Refactor the TorchScripted part of your code to only use supported types (tensors, lists/tuples of tensors, primitive types) as inputs and intermediate values, or consider using torch.export for newer PyTorch versions.

Warnings

breaking torch.load() weights_only default changed from False to True in PyTorch 2.6. All existing torch.load() calls without explicit weights_only= will raise UnpicklingError if the checkpoint contains optimizer states, custom classes, or numpy arrays. Broke thousands of projects. ↓

fix For state_dict-only checkpoints: torch.load(path, weights_only=True). For full checkpoints with optimizer etc: torch.load(path, weights_only=False) — only on trusted files.

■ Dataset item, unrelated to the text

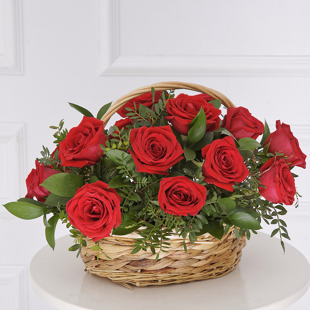 Concediti la tua persona speciale con questa bella composizione floreale piena di splendore ed eleganza. Un grande cesto di rose profumate e belle foglie di ruscus e pistacchio sono sicuri di conquistare il suo cuore.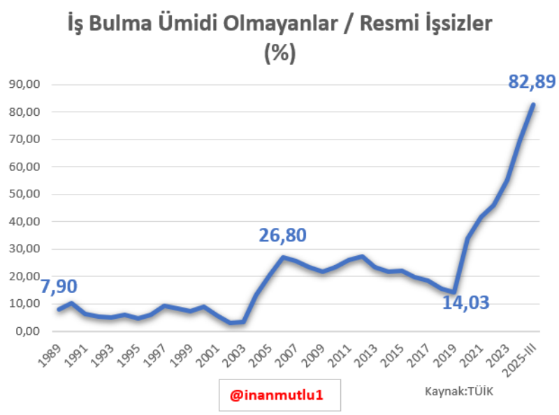 Grafiklere göre, iş bulma ümidi olmadığı için iş aramayanların resmi işsizlere oranı 2025 itibarıyla yüzde 82,9 seviyesine ulaştı. Bu oran, 1989’da yüzde 7,9, 2006’da ise yüzde 26,8 düzeyindeydi. Özellikle 2019 sonrasında yaşanan keskin yükseliş, işgücü piyasasında yapısal bir kırılmaya işaret ediyor.

To allowlist specific types: torch.serialization.add_safe_globals([MyClass]).

breaking Plain pip install torch installs CPU-only build. CUDA builds require a custom --index-url. LLM-generated install instructions almost never include this. torch.cuda.is_available() returns False after CPU-only install. ↓

fix Use the PyTorch install selector: https://pytorch.org/get-started/locally/. For CUDA 12.8: pip install torch --index-url https://download.pytorch.org/whl/cu128

breaking torchvision, torchaudio version must exactly match torch version. Installing latest torch with mismatched torchvision versions causes ImportError or silent incorrect behavior. ↓

fix Install all PyTorch ecosystem packages together with the same --index-url: pip install torch torchvision torchaudio --index-url https://download.pytorch.org/whl/cu128

deprecated TorchScript (torch.jit.script, torch.jit.trace) deprecated in PyTorch 2.10. The PyTorch team recommends migrating to torch.export for model deployment. ↓

fix Migrate to torch.export.export() for export/deployment. torch.jit still works but will receive no new features and will eventually be removed.

gotcha Forgetting model.eval() during inference causes BatchNorm and Dropout layers to behave as if training — different results each run and incorrect predictions. ↓

fix Always call model.eval() before inference. Pair with torch.no_grad() to disable gradient computation: with torch.no_grad(): output = model(x)

gotcha optimizer.zero_grad() must be called before loss.backward() each step. Forgetting it accumulates gradients across batches — silent training bug. ↓

fix Call optimizer.zero_grad() at the start of each training step, before the forward pass. Or use optimizer.zero_grad(set_to_none=True) for slightly better memory performance.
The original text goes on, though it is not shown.